Although there’s widespread demand for conversational capabilities, few companies are likely to ink multiple purchases and the buyer universe will begin to dry up. And there may be a limited opportunity to build a large independent company in this market as most businesses look to their existing software providers for machine learning capabilities. In 451 Researchs Voice of the Enterprise: AI & Machine Learning report, a plurality of organizations (38%) told us they’ll leverage machine learning by acquiring software with the technology already baked in.

Customer feedback becomes a monkey business

by Scott Denne

As it pursues an audacious revenue goal, SurveyMonkey has inked its first acquisition in almost three years, spending $80m for Usabilla, a developer of voice-of-the-customer (VoC) software.
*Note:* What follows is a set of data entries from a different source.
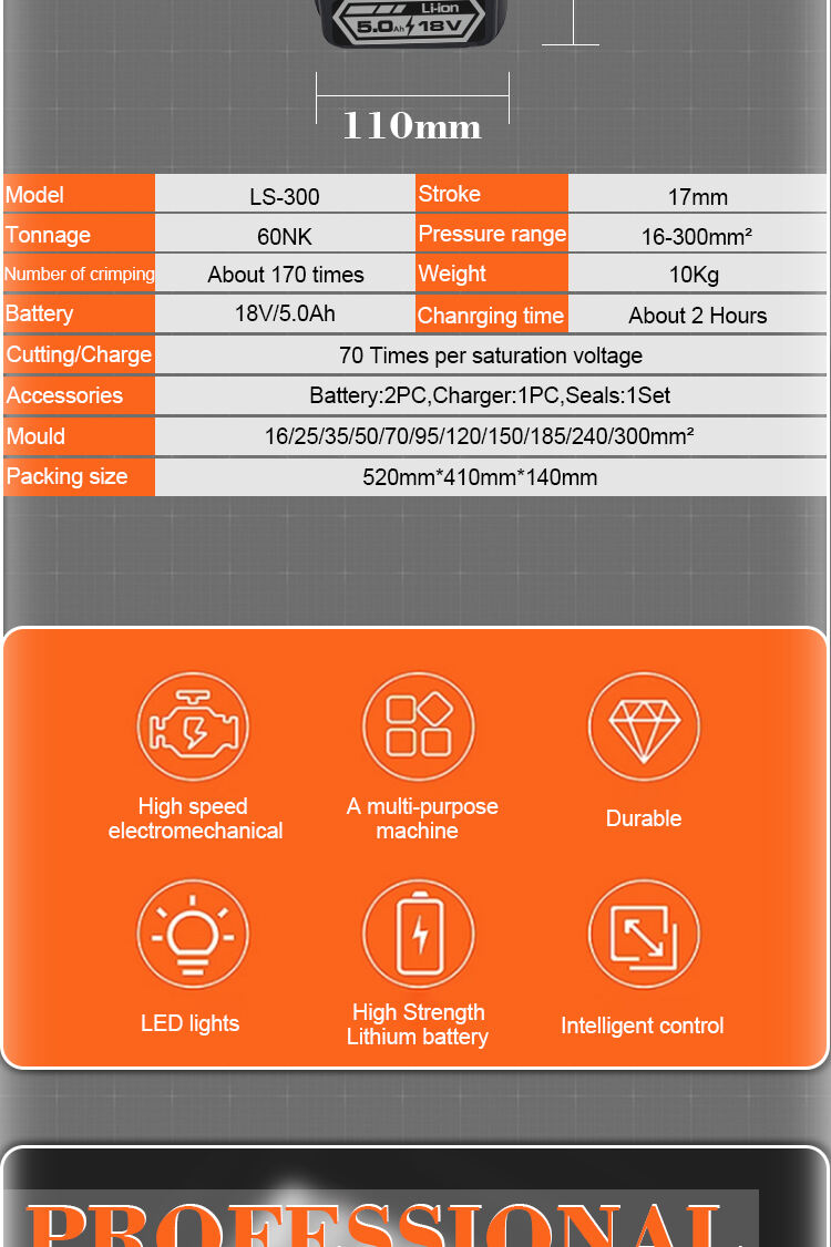 LS-300 6t 300mm2 Elektrisk batteridrevet kabel hydraulisk crimpværktøj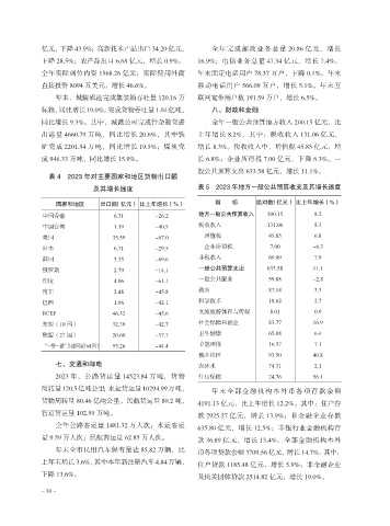 国家和地区 出口额(亿元) 比上年增长(%) 指 标 绝对数(亿元) 比上年增长(%)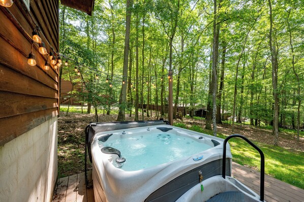 Escape to the tranquility of Deep Creek Lake at Get Your Creek On, where modern comfort meets rustic beauty. This charming cabin, nestled in the woods of the quaint Sky Valley community, offers an inviting open-concept living area with exposed beam vaulted ceilings, a crackling fireplace and a fully equipped kitchen for cooking and entertaining. Savor your morning coffee on the porch while listening to the gentle rustle of wildlife and the wind through the trees, immersing yourself in nature's symphony. Venture to the upper-level game area for some friendly competition with the foosball table, or step outside to the spacious deck, bubbling hot tub, and fire pit for ultimate relaxation and outdoor fun. You’ll enjoy community lake access where you can swim, kayak, or cast your line in the catch and release pond. Explore nearby attractions like Deep Creek Lake State Park and the four-season Wisp Resort for skiing and snowboarding in the winter, or golf in the spring and summer. Or simply soak up the natural beauty and foliage of the surrounding woodlands. Whether you're seeking adventure or serenity, Get Your Creek On provides the perfect year-round retreat for your Deep Creek Lake getaway.

Although SurveyMonkey debuted on Wall Street last year sporting 6% annual growth, the company plans to triple its topline in the next three years. It’s targeting a promising market, but faces an expanding roster of larger competitors.

Amsterdam-based Usabilla enables organizations to analyze customer feedback captured on their websites, apps and emails via its embedded scripts. The offering expands SurveyMonkey’s survey-based VoC software – an expansion it needs as it aims to land enterprise-wide licenses. SurveyMonkey’s revenue from such licenses rose 80% last year and made up 12% of its overall sales.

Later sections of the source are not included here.